Generative Models

These models are designed to create new, original content. We discuss various types of generative models below. 

Autoregressive Models

Generate data step-by-step, predicting the next element from previously generated elements. An autoregressive model is a type of generative model that predicts the next element in a sequence based on all of the elements that came before it. The word “autoregressive” comes from “auto” (self) and “regressive” (regression, or prediction from past values).

  • Use cases: Language modeling, music composition, sequential data generation.

Large Language Model (LLM)

LLMs are a specific, powerful class of autoregressive model.

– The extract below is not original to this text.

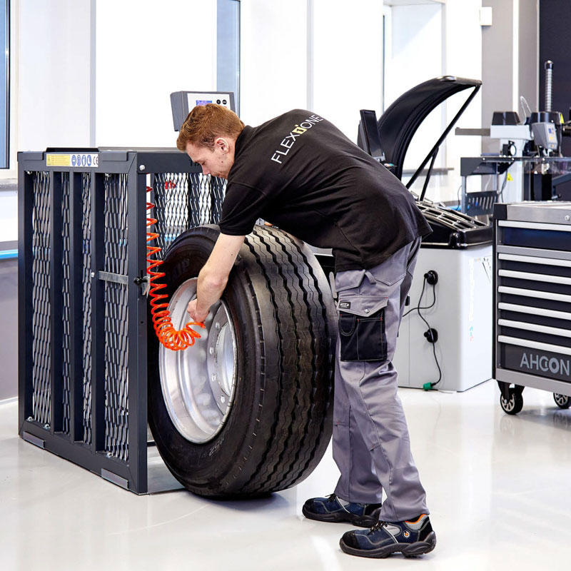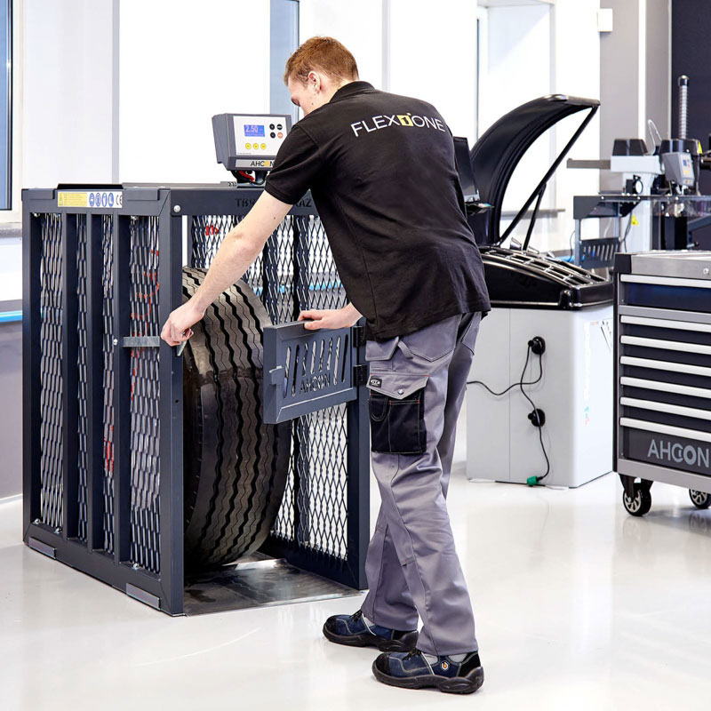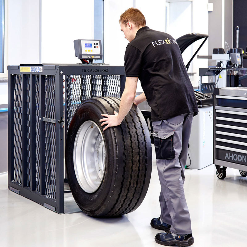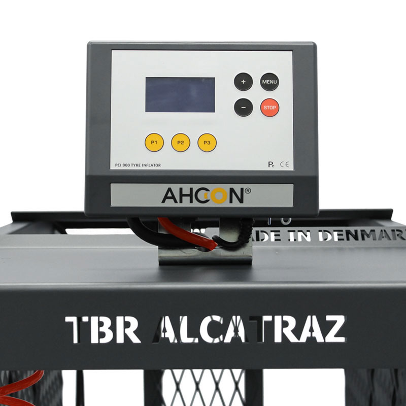 AHCON TBR Alcatraz Sikkerhetspumpebur Plus 1.0 er konstruert for sikker og kontrollert dekkfylling av lastebil-, buss- og anleggshjul. Ved eventuell dekksprengning under fylling beskytter burets solide stålkonstruksjon operatøren og verkstedet mot farlige splinter og trykkbølger, noe som gir et betydelig bedre HMS-nivå.

The key difference isn’t in the method of generation but in the scale and architecture of the model. “autoregressive” is the method of generation, and “LLM” is the type of model that uses that method at an unprecedented scale. All LLMs are autoregressive, there are many autoregressive models that are not large enough to be considered LLMs. Eg. the ones used for time-series forecasting in economics or older, smaller language models. 

Diffusion Models

They learn to reverse a gradual noise-adding process, starting from pure noise to create realistic samples.

  • Examples: DALL·E 2, Stable Diffusion.
  • Use cases: High-quality image generation, video synthesis.
Flow-Based Models

Use invertible transformations to map between data and latent space with exact likelihood estimation.

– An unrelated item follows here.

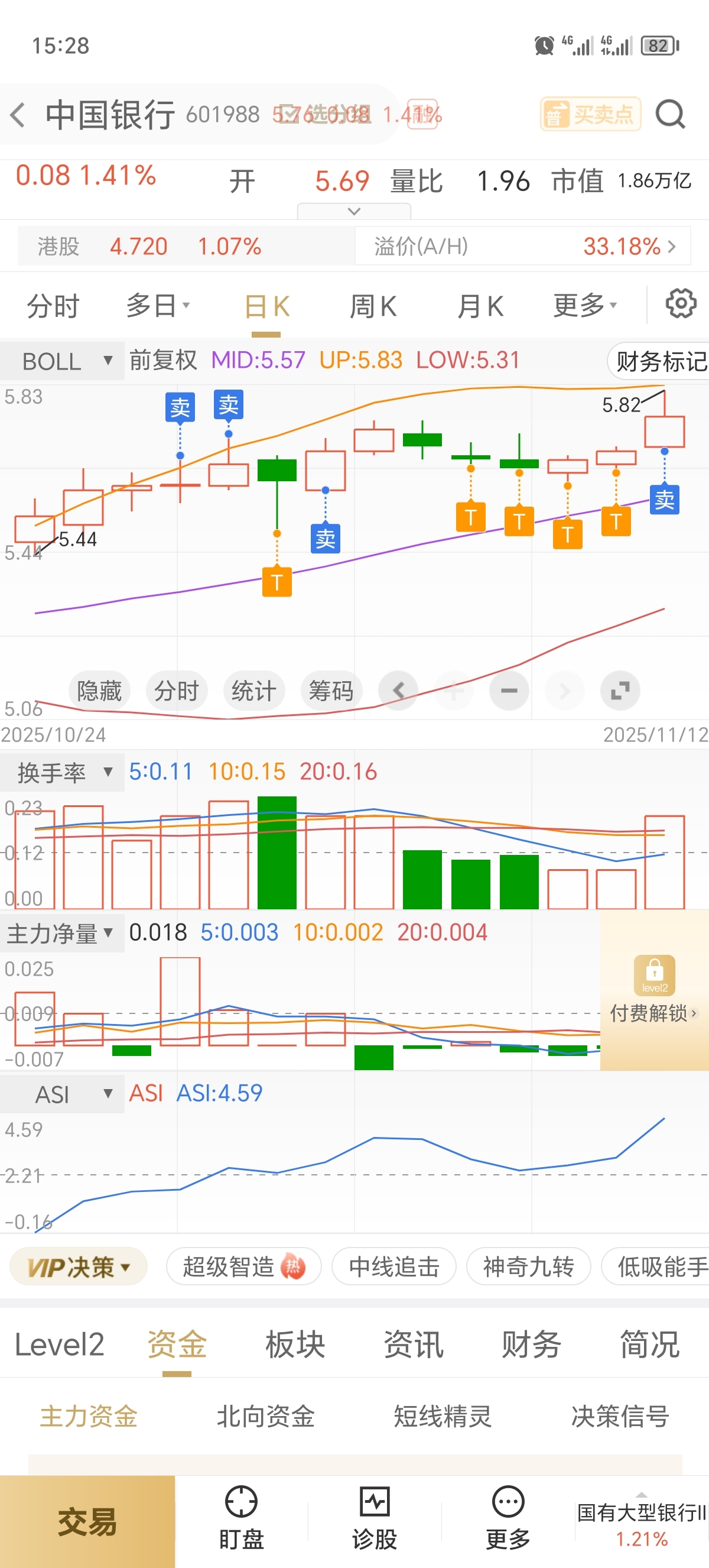 这一段时间中国银行的长势不错哦,挣了不少钱。还是要做一下T才得啊。

  • Examples: RealNVP, Glow.
  • Use cases: Image generation with exact log-likelihood, scientific simulations.
Generative Adversarial Networks (GANs)

Uses two competing neural networks—a generator and a discriminator—to create highly realistic new data. Generator network creates new data and a discriminator network tries to tell if the data is real or fake. This adversarial process drives the generator to produce highly authentic content, such as images.

Use cases: Image synthesis (e.g., faces, art), video generation, super-resolution.

Variational Autoencoders (VAEs):

After learning a latent space compressed representation of data using probabilistic encoding and decoding they generate new samples by sampling from this learned latent space. This is a probabilistic approach that is effective for tasks like generating new variations of existing data.

  • Use cases: Image generation, text generation, anomaly detection.